Presiden Prabowo menyampaikan arahan tersebut saat memimpin rapat terbatas terkait penanganan bencana. Presiden meminta Menteri Sekretaris Negara Prasetyo Hadi dan Menteri Hukum Supratman Andi Agtas mendalami ketentuan sanksi terhadap pelaku pembakaran hutan dan lahan.

“Saya katakan itu coba nanti Mensesneg dengan Menteri Hukum didalami supaya masalah sanksi-sanksi hukumnya, mungkin undang-undangnya kita minta ke DPR untuk diperberat bahwa ini kita golongkan terorisme ekologi. Ini sangat serius,” ujar Prabowo.

Presiden juga menegaskan tidak boleh ada lagi pembukaan lahan dengan cara membakar. Pemerintah akan siap membantu masyarakat yang membutuhkan pembukaan lahan agar praktik pembakaran tidak menjadi pilihan.

Sementara itu, aturan daerah yang masih memberikan ruang terhadap pembakaran lahan juga akan segera dievaluasi.

Guru Besar Hukum Lingkungan Universitas Airlangga, Prof. Suparto Wijoyo mendukung rencana pemerintah memperberat sanksi pelaku pembakaran. Ia menilai bahwa karhutla menimbulkan dampak luas terhadap manusia, fasilitas publik, dan ekosistem sehingga bisa dikualifikasikan sebagai terorisme lingkungan.

“Dengan KUHP baru yang rumusannya ada di pasal 600 dan 601, bagi saya peristiwa ini harus dikualifikasi bagian dari kejahatan terorisme lingkungan.

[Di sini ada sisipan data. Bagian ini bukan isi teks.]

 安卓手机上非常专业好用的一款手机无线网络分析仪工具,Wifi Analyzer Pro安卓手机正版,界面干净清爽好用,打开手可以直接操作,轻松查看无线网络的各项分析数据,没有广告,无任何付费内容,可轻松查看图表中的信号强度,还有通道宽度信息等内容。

Iya ini ya terorisme lingkungan,” kata Suparto.

Di sisi penegakan hukum, Kementerian Kehutanan mencatat 31 perkara karhutla di 10 provinsi dengan areal terdampak 3.625 hektare.

Sekretaris Ditjen Penegakan Hukum Kehutanan Lukita Awang Nistyantara mengatakan proses hukum terus berjalan.

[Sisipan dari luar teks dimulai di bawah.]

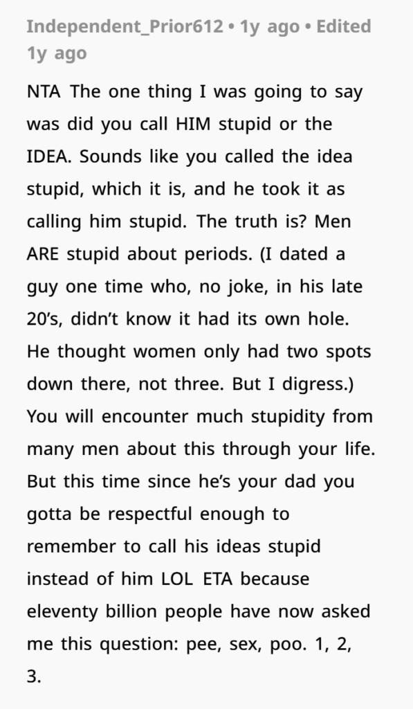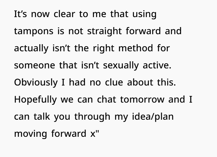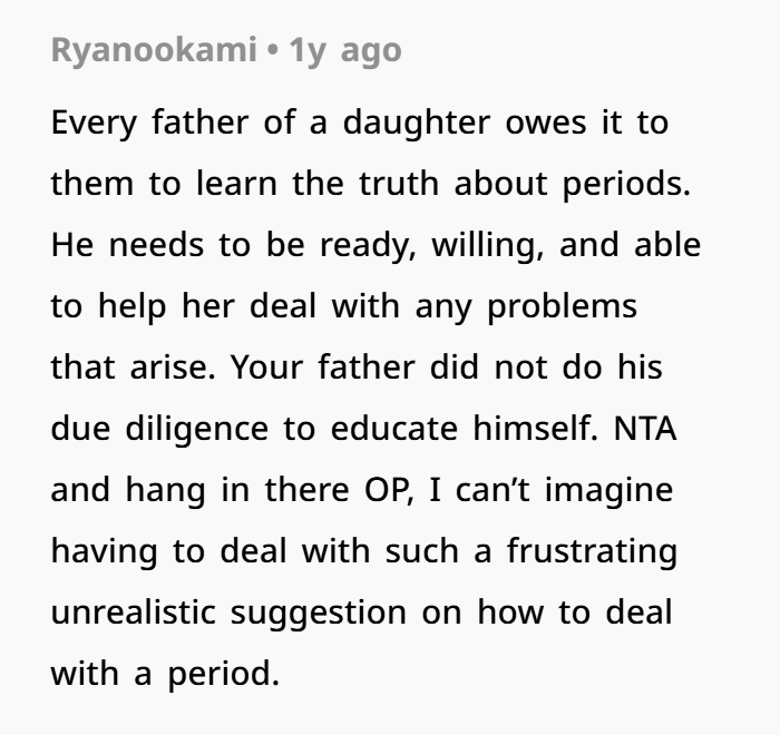 Let’s give the dad a little grace. He wasn’t trying to be mean. He was misinformed. He reached out to “female friends” (probably his girlfriend), and got some terrible advice. In his head, he was trying to find a solution so his daughter wouldn’t “miss out.” The problem is — he didn’t listen to her.

“Dari 31 perkara tersebut, sebanyak 22 kasus masih dalam tahap penyelidikan, tujuh kasus dalam penyidikan, dan dua kasus telah diserahkan kepada jaksa,” jelasnya.

Penguatan regulasi, penegakan hukum, pencegahan, serta operasi pemadaman menjadi komitmen pemerintah, sehingga kebakaran hutan bisa segera diatasi, sekaligus dapat dicegah di waktu mendatang. Langkah terpadu tersebut menjadi bagian dari upaya melindungi masyarakat, lingkungan, dan sumber daya alam Indonesia secara berkelanjutan.